In our prosecution of Netherlands-based VimpelCom, one of the largest telecom companies in the world, a global $800 million resolution was reached to resolve $114 million dollars of illegal bribe payments. That resolution, which involved a guilty plea by VimpelCom’s Uzbek subsidiary and DPA with VimpelCom, also included settlements with the Public Prosecution Service of the Netherlands, as well as the Securities and Exchange Commission (SEC). As you can see, the trend is a global effort to prosecute corruption, and that trend is not slowing down.
I want to underscore the extent of our international cooperation in white collar enforcement by noting that, in kleptocracy cases, one of our goals is to return the proceeds of the kleptocrat’s crimes to those harmed by their criminal conduct. Just last year, for example, the department returned $1.5 million to Taiwan that constituted proceeds from the sale of a forfeited New York condominium and a Virginia residence that the United States alleged were purchased with bribe money paid to the family of Taiwan’s former President Chen Shui-Bian. Our ability to identify and forfeit those properties was the result of extensive cooperation with the Taiwan Supreme Prosecutor’s Office, and it is our hope that the return of the funds to the Taiwanese people sends a strong message about our commitment to vigorous and effective cooperation in international criminal enforcement.

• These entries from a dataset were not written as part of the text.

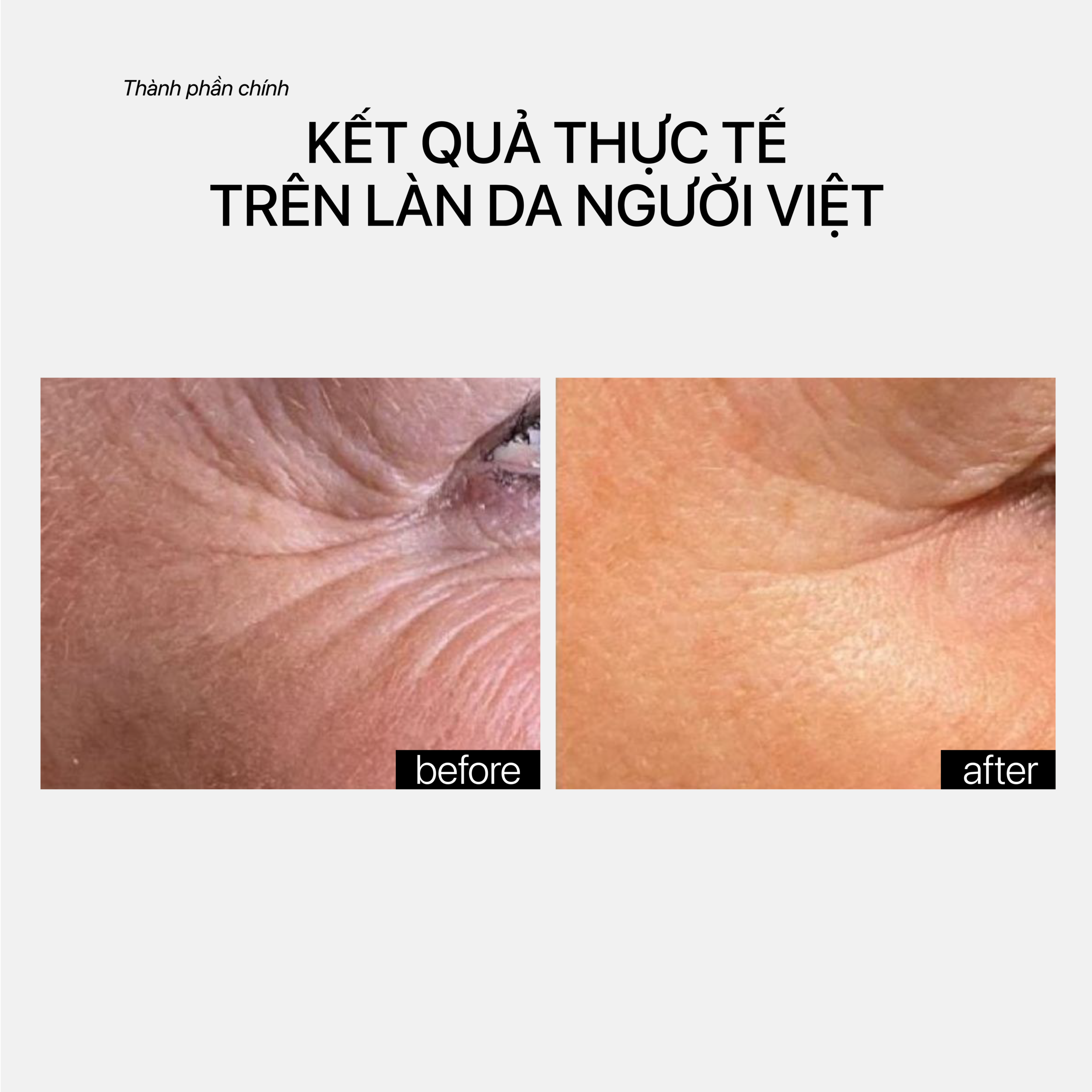 Sản phẩm được phát triển với sự kết hợp độc đáo của 9 loại Peptide biomimetic (Peptide mô phỏng sinh học) giúp thẩm thấu nhanh, tăng cường sản sinh collagen và elastin, giảm nếp nhăn và các rãnh nhăn nhỏ, mang lại làn da mịn màng, tươi trẻ và săn chắc hơn.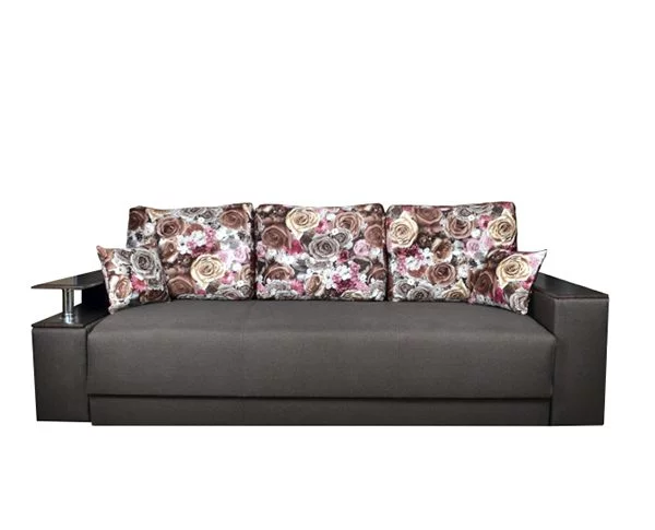 Диван оснащен механизмом трансформации в спальное место — книжка. Габариты спального места 1200 х 1920 мм. В основе изделия находится прослойка пенополиуретана и пружинный блок.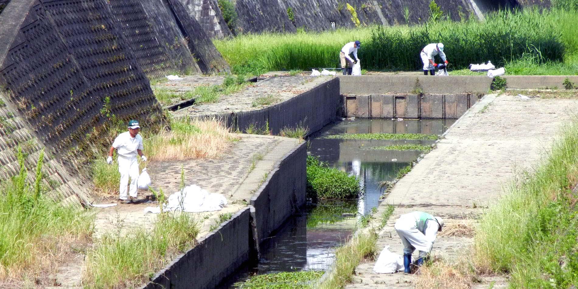 5月26日(日)の山路大谷川の定例清掃は、5月5日の清掃と同様に河川敷に堆積した土砂や雑草などを手分けして土砂とともに取り除き、土嚢袋に詰め込む作業が行われましたが、足腰などの痛みを訴えるボランティアが、土砂や雑草などを詰めた重い土嚢袋を、河川敷より回収車両が通行できる堤防まで運ぶ作業には限界があり、電動昇降機の復活による作業改善が必要との意見がありました。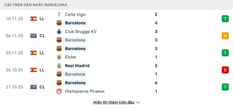 Thống kê phong độ gần đây Barcelona vs Athletic Bilbao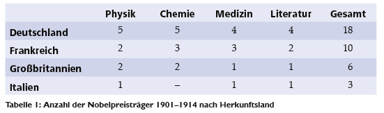 Vor 1914 gewannen fünf Deutsche den Chemie-Nobelpreis (Emil Fischer, Adolf von Baeyer, Eduard Buchner, Wilhelm Ostwald und Otto Wallach), weitere fünf Deutsche gewannen den Nobelpreis für Physik (Wilhelm Konrad Röntgen, Philipp Lenard, Ferdinand Braun, Wilhelm Wien und Max von Laue), weitere vier den Nobelpreis für Medizin (Emil von Behring, Robert Koch, der Entdecker der Erreger von Milzbrand, Tuberkulose und Cholera, Paul Ehrlich und Albrecht Kossel) sowie für Literatur Theodor Mommsen, Rudolf Eucken, Paul Heyse und Gerhart Hauptmann (Thomas Mann und Hermann Hesse erhielten erst nach dem Ersten Weltkrieg ihre Literatur-Nobelpreise, Nelly Sachs, Heinrich Böll, Günter Grass und Hertha Müller erst nach dem Zweiten Weltkrieg).
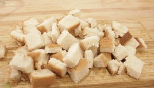 - Cut 2 hard rolls or 3 slices white bread into 1" cubes and set aside.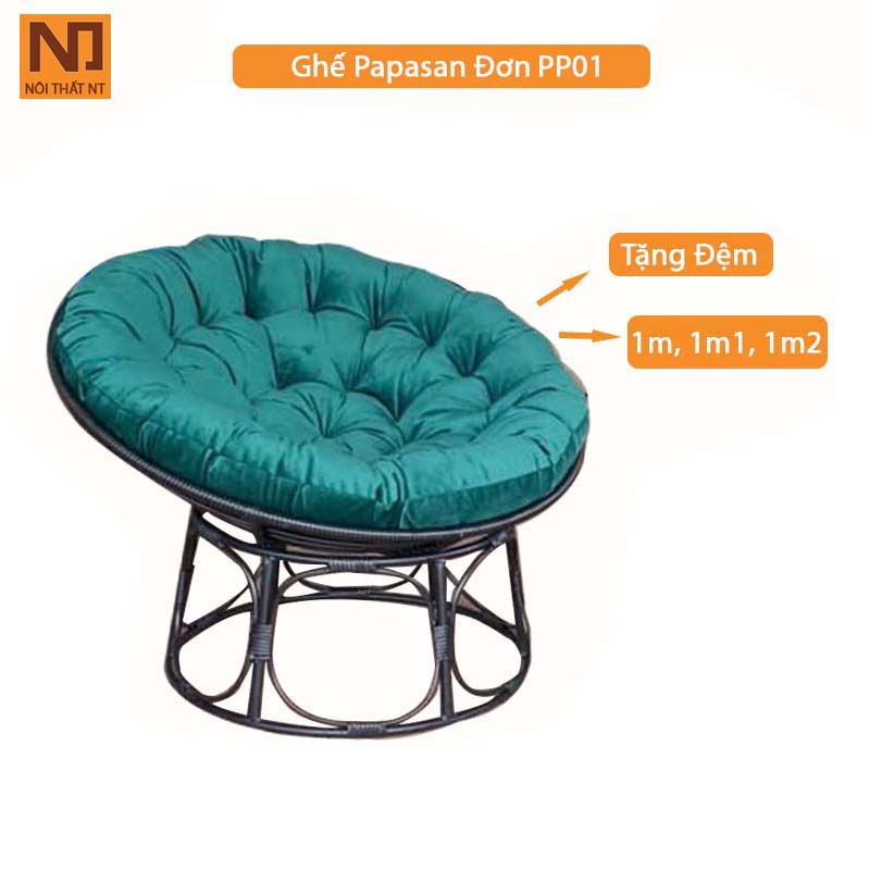 Ghế Papasan đơn PP01 nhỏ đọn, thanh lịch thích hợp đặt trong phòng ngủ, nơi mà bạn có đọc sách, thư giãn mang lại cảm giác thư thái sau những căng thẳng. Chiếc ghế papasan đơn phiên bản đặc biệt này đang được khách hàng ưa chuộng nhất trong suốt thời gian qua. Sản phẩm có nhiều kích thước để quý khách hàng có thể lựa chọn

Before I conclude, I would be remiss if I did not comment on the Fraud Section’s “Pilot Program.” Last year, the Fraud Section implemented a one-year “Pilot Program” for FCPA cases, to provide more transparency and consistency for our corporate resolutions. The “Pilot Program” provides our prosecutors, companies and the public clear metrics for what constitutes voluntary self-disclosure, full cooperation and full remediation. It also outlines the benefits that are accorded a voluntary self-disclosure of wrongdoing, full cooperation and remediation. The one-year pilot period ends on April 5. At that time, we will begin the process of evaluating the utility and efficacy of the “Pilot Program,” whether to extend it, and what revisions, if any, we should make to it. The program will continue in full force until we reach a final decision on those issues.
In closing, let me just say a few things:
It is clear that global investigations of corruption are on the rise. We are seeing that often within a close temporal proximity of our prosecutions, other countries are also taking action. It is no longer just us and a few other countries.
Something is happening in the world today; you can feel it. It is a global movement, getting stronger and stronger each day with every case we make. Countries, all the ones I mentioned earlier, and many others, are all moving in the same direction, more together than ever, pursuing corruption.
The Criminal Division remains committed to doing its part by vigorously investigating and prosecuting international crime when it violates U.S. laws, and by remaining committed to international collaboration in our nations’ shared struggle to safeguard our citizens, our markets and financial systems, and our networks.
As I said last year at a corruption and white collar crime forum in Bogota, Colombia, the current trend of international cooperation among our counterparts who are all fighting transnational financial corruption and other white collar crimes reminds me of the 1960s song made popular by the singing group Martha and the Vandellas – the lyrics of which are the appropriate message for all the corrupt officials and bad actors, foreign and domestic: Nowhere to run baby, Nowhere to hide.
Thank you for your time today. Have a wonderful rest of the day.